Upcoming Courses
The following are courses new to the English Department! If you are interested in any, please contact the professor holding the course.
Fall 2009
English 482: The City, and Other Spaces in Literature
This course will explore the relationship between space and identity mostly through fiction from the 18th century Gothic to the postmodern present. We will read topographically (by space) rather than chronologically (by history). Our "topos" will include the city, the home, the castle, built space, and "other" spaces (e.g,. the tomb, the labyrinth). We'll also dip into some contemporary philosophy (such as phenomenology, postmodern theory, and psychoanalysis) to enliven and provide texture to our literary study. The class will make strategic use of non-traditional discussion and writing formats (Facebook, blogging, electronic chat) partly as a way to experiment with the space of the classroom but also to diversity our approach to literary study. Students will have the option of pursuing a creative project for their final assignment
Dr. Bryan B. Rasmussen
MWF, 1:30 - 2:35
English 456: Major British Authors: Virginia Woolf
Virginia Woolf was one of the most significant novelists, literary critics and cultural theorists of the 20th century. She was an original member of London’s famous and controversial Bloomsbury group, an elite circle of friends and artists that included the painters Duncan Grant and Vanessa Bell, fellow novelist E. M. Forster, the art critics Roger Fry and Leonard Woolf, and the economist John Maynard Keynes. This group was determined to leave behind the 19th century’s crippling and sterile conventions, both social and artistic—conventions predicated upon structures of sexual, racial and economic oppression and that had led to the errors of imperialism and the bloodbath of the Great War.

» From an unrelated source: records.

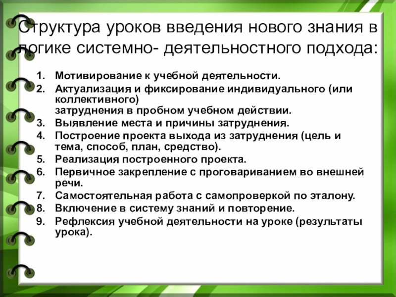 Структура уроков введения нового знания в логике системно- деятельностного подхода:Мотивирование к учебной деятельности.Актуализация и фиксирование индивидуального (или
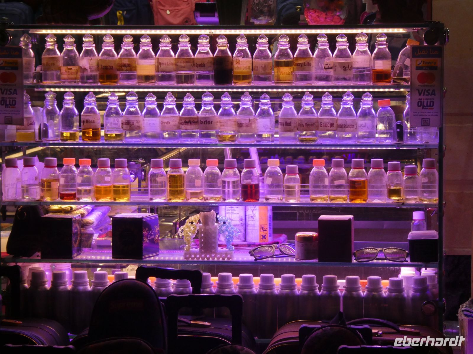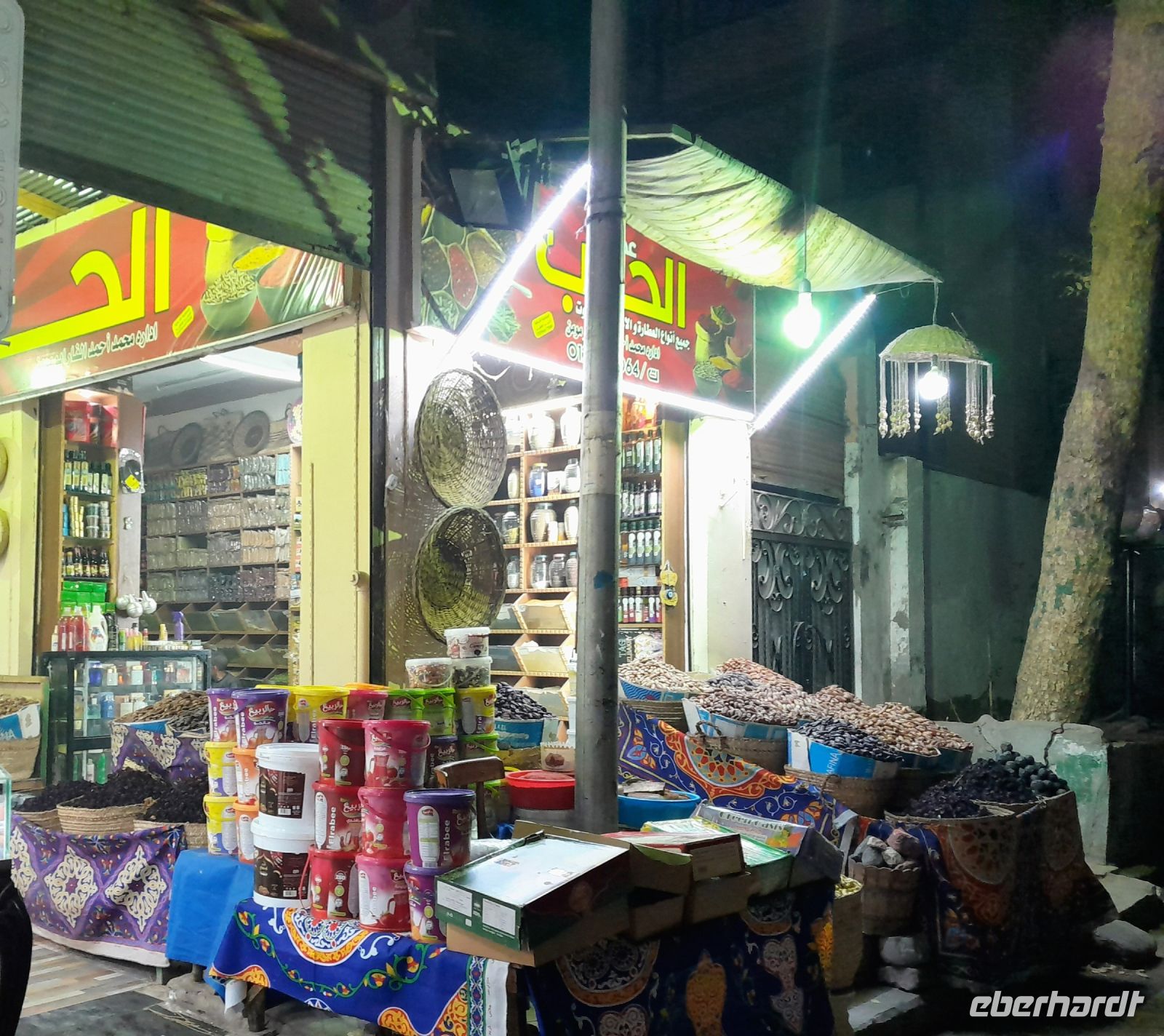 Im Souk ist einiges los und in der Gewürzhandlung bekommen wir eine kleine Erklärung über die verschiedenen Gewürze und ihre Wirkstoffe. Ägypter sind diesbezüglich konservativ, denn man geht immer zum selben Händler seines Vertrauens. Gewürze wurden und werden immer noch auch als Heilmittel eingesetzt. Dem kommt in einer Gesellschaft, in der die Krankenversorgung abhängig vom eigenen Einkommen ist, eine besondere Bedeutung zu. Wir decken unseren Bedarf und gehen anschließend noch in ein typisches Teehaus, in dem sich die Männer treffen. Die ägyptische Frau findet man um diese Uhrzeit eher in der Familie. In traditionellen Familien ist sie jetzt dabei, das Nachtmahl vorzubereiten.
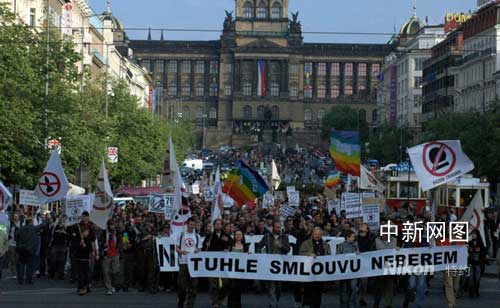 捷克首都布拉格5月5日再次爆發(fā)反對美國在捷克設(shè)立反導(dǎo)雷達(dá)基地的游行示威。大約1500名示威者展示“這個協(xié)定我們不接受”等標(biāo)語從瓦茨拉夫廣場出發(fā)穿越市中心,舉行反對美國在捷克設(shè)立反導(dǎo)雷達(dá)基地的游行。(黃頻 攝)
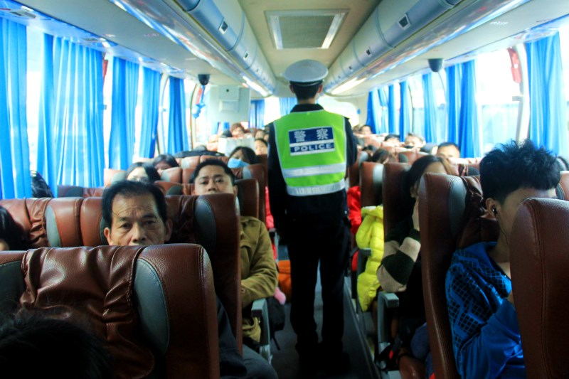距离春运结束还有13天,国道与高速公路繁忙不已,客运仍处于高峰期,每日有几百趟客运车辆满载着务工人员赴粤,岑溪交警通过岗点执勤与机动巡逻相结合,加强对客运车辆的安全检查。
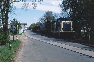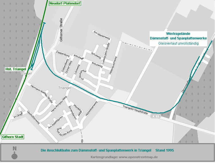 ![]() Die zuletzt rund 2 Kilometer lange Anschlußstrecke vom Bahnhof Triangel zum Dämmstoffwerk (TDW) entstand bereits kurz nach der Inbetriebnahme der Strecke Gifhorn - Triangel 1889. Sie führte vom Bahnhof Triangel durch den gleichnamigen Ort zum östlich gelegenen Werksgelände und darüber hinaus rund 4 Kilometer Richtung Nordosten in das große Moor hinein. Für die Torfabfuhr gab es dort mehrere Verladestellen, an denen der gewonnene Torf von der Feldbahn auf die Normalspur umgeladen wurde. Ab 1896 existierte ein torfbefeuertes Kraftwerk im Bereich des Werksgeländes für die umliegenden Betriebe, hier wurden in den folgenden Jahrzehnten u.a. Torf-Dämmplatten hergestellt. In den 60er-Jahren stellte man den Abschnitt großes Moor - Werksgelände ein, das Gleis wurde jedoch nicht abgebaut und liegt dort heute noch (die Torfgewinnung erstreckt sich heute nur noch auf Restflächen, die Abfuhr erfolgt mit einer Feldbahn zum Verarbeitungsbetrieb ins östlich gelegene Westerbeck, vergl. Sonderseite). Das Industriegebiet Triangel hatte nun nichts mehr mit dem Rohstoff Torf zu tun, die beiden Hauptbetriebe Dämmstoff- und Spanplattenwerk wurden aber weiterhin per Bahn vom Bahnhof Triangel aus bedient. Hierfür gab es seit 1915(?) eigene Lokomotiven (voher Pferdebetrieb!), die letzte wurde 1967 außer Dienst gestellt und befindet sich heute beim Verein Braunschweiger Verkehrsfreunde. Ab 1967 wurde der Betrieb von der Bundesbahn abgewickelt. In der zweiten Hälfte der 80er-Jahre wurde der Bahnhof Triangel rückgebaut, es entfielen Ausweichgleis, sämtliche Signale und die Besetzung mit Personal. Die Anschlußstrecke wurde neu an die verbliebenen Nebengleise angebunden und bis 1998(?) bedient, zuletzt war hier nur noch das Dämmstoffwerk Güterkunde (daher die nur teilweise eintragenen Gleisanlagen in der Karte, es existierten auf dem großen Gelände noch weitere Nebengleise). 2003 begann der Rückbau der Anschlußstrecke, auch die Weichenverbindung zur DB in Triangel verschwand. Die beiden Großbetriebe Dämmstoff- und Spanplattenwerk existieren inzwischen hier ebenfalls nicht mehr, heute wird das Gebiet als Industriepark geführt. Die Ausmaße dieses Geländes sind sehr schön auf dem entsprechenden Google-Luftbild zu erkennen. |

Informed by the insights of Freud, Havelock Ellis and others in the fields of psychology and sexology, and new scientific investigations of human perception and cognition, Woolf developed a style of literary impressionism that came to be the hallmark of high modernism. In this course we will read several of Woolf’s novels including To the Lighthouse, Mrs. Dalloway, and The Waves; the essays A Room of One’s Own and Three Guineas; several short personal essays and works of literary criticism; and selected excerpts from her remarkable letters and journals. A few pertinent works by her contemporaries will also be addressed as time allows.